Data records
* * *

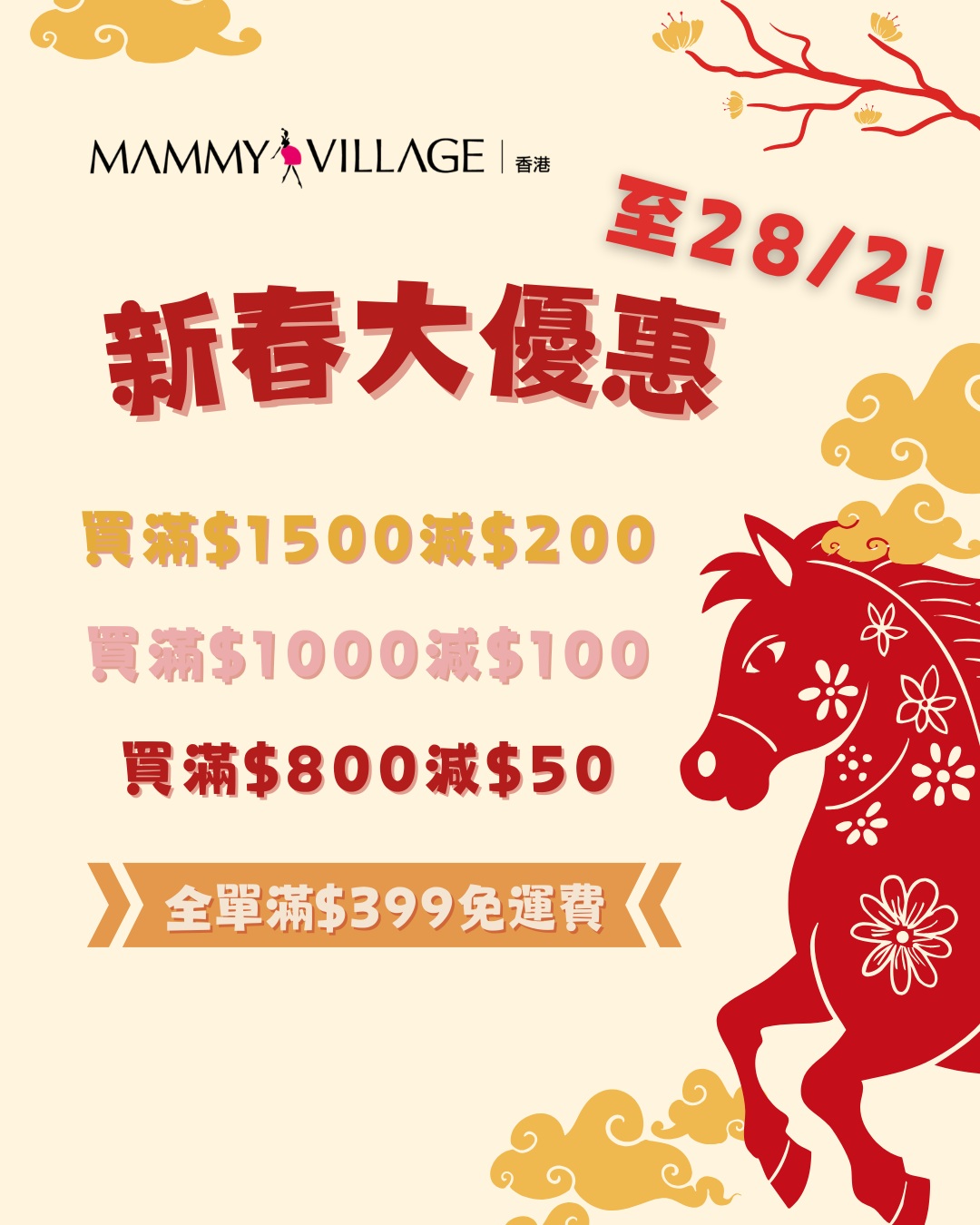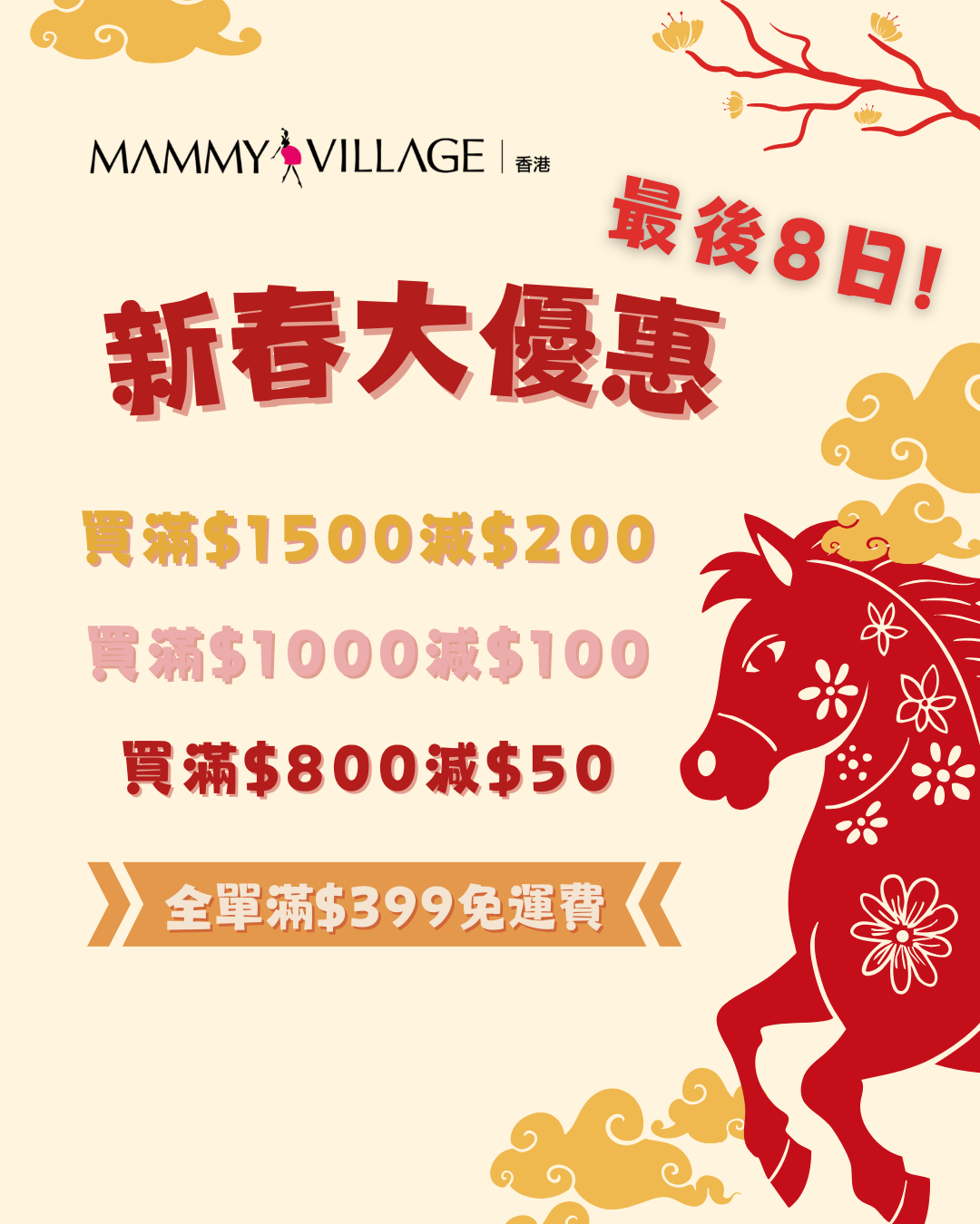 🧧新春大優惠🧧 滿$1500減$200🎊 滿$1000減$100🎊 滿$800減$50 🎊 l 全單滿 $399 免運費
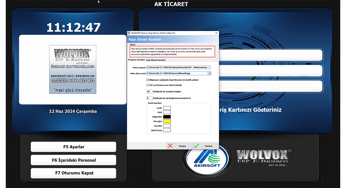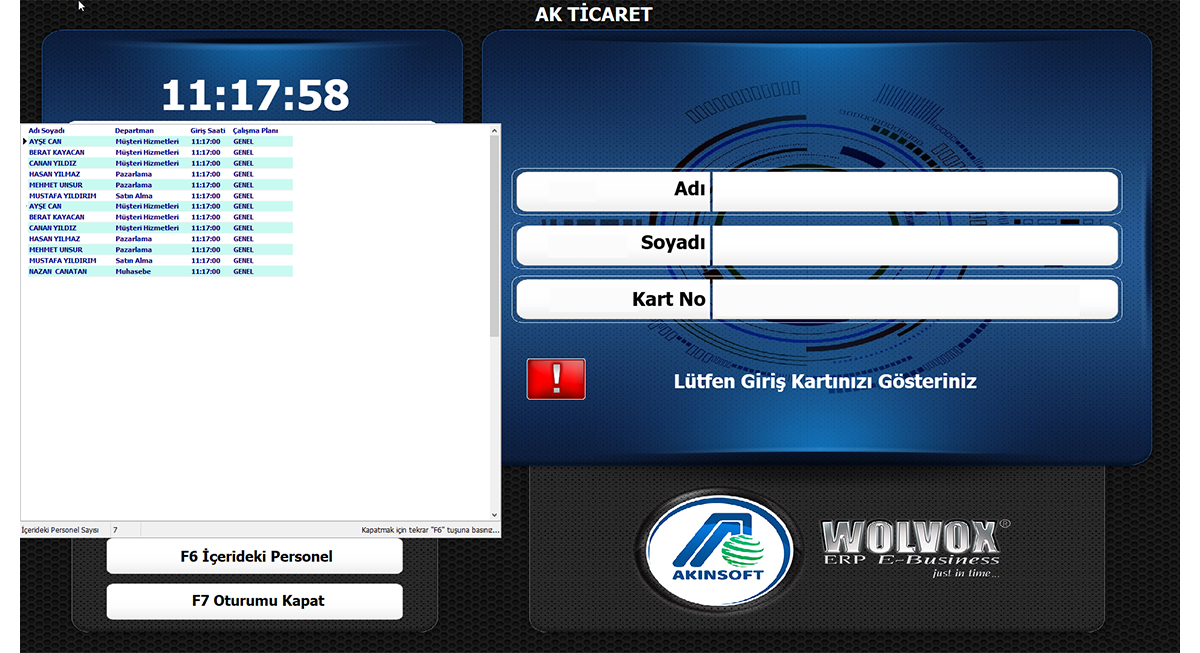 - Personellerin Wolvox İnsan Kaynakları programı ile etkileşimli olarak giriş veya çıkış yapabilmesini sağlar.
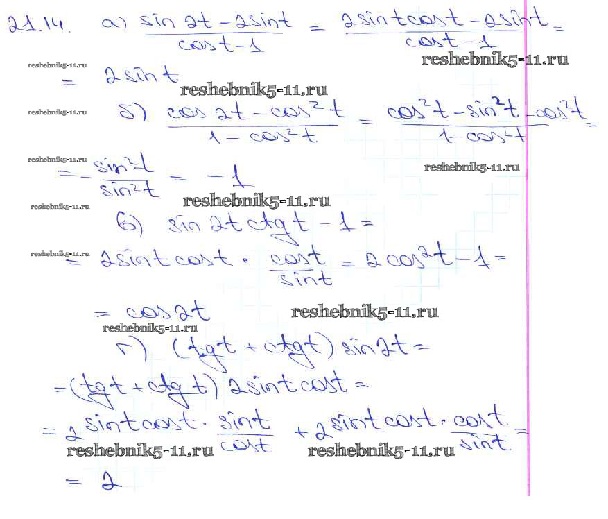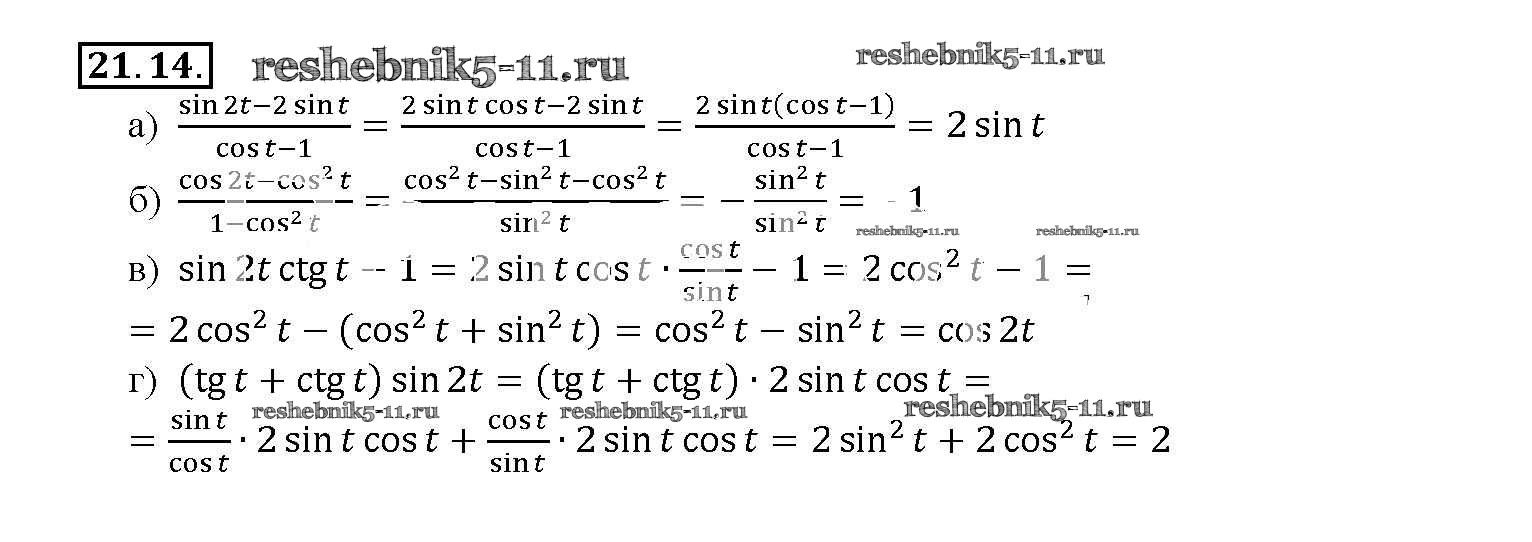 Готовая домашняя работа с ответами по Алгебре за 10, 11 класс Мордкович, Денищева, Корешкова, Мишустина, Семёнов, Тульчинская Задачник Базовый уровень Часть 2 Мнемозина 2015 ФГОС - §21. Формулы двойного аргумента 21. 14
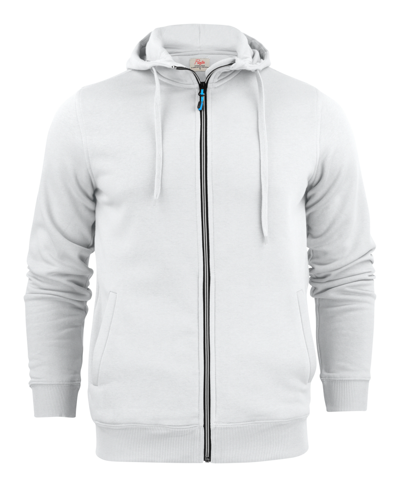 Sweatshirt met capuchon met tweekleurige ritssluiting vooraan en lichtgebogen steekzakken. De binnenzijde van de capuchon is single jersey. De zippullers kunnen indien gewenst vervangen worden door één van de andere beschikbare kleuren. Oeko-Tex 100 gecertificeerd.
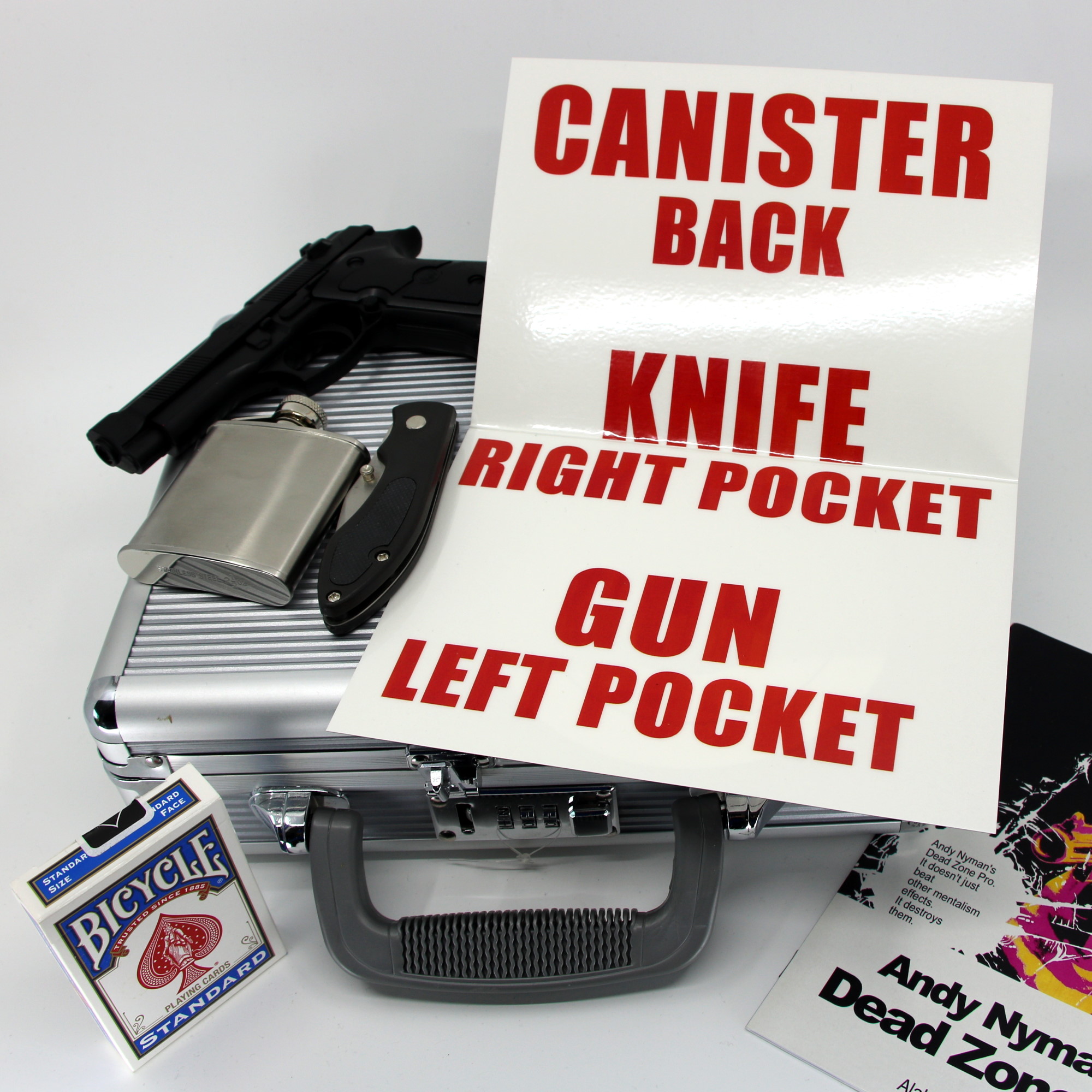 At this point you explain that you imagine the “Dead Zone” as a target and then proceed to stick a picture of a target onto the spectator then ask him to imagine that he is an assassin and draw his attention to the case on the table. You explain that it contains a selection of weapons that may be used by an assassin and ask him to open the case and take a look inside.

* * *

▸ TASK TO CARRY OUT
The expected output is each entry given again word for word, with pictures dropped.

▸ EXERCISE ANSWER
 🧧新春大優惠🧧 滿$1500減$200🎊 滿$1000減$100🎊 滿$800減$50 🎊 l 全單滿 $399 免運費
 - Personellerin Wolvox İnsan Kaynakları programı ile etkileşimli olarak giriş veya çıkış yapabilmesini sağlar.
 Готовая домашняя работа с ответами по Алгебре за 10, 11 класс Мордкович, Денищева, Корешкова, Мишустина, Семёнов, Тульчинская Задачник Базовый уровень Часть 2 Мнемозина 2015 ФГОС - §21. Формулы двойного аргумента 21. 14
 Sweatshirt met capuchon met tweekleurige ritssluiting vooraan en lichtgebogen steekzakken. De binnenzijde van de capuchon is single jersey. De zippullers kunnen indien gewenst vervangen worden door één van de andere beschikbare kleuren. Oeko-Tex 100 gecertificeerd.
 At this point you explain that you imagine the “Dead Zone” as a target and then proceed to stick a picture of a target onto the spectator then ask him to imagine that he is an assassin and draw his attention to the case on the table. You explain that it contains a selection of weapons that may be used by an assassin and ask him to open the case and take a look inside.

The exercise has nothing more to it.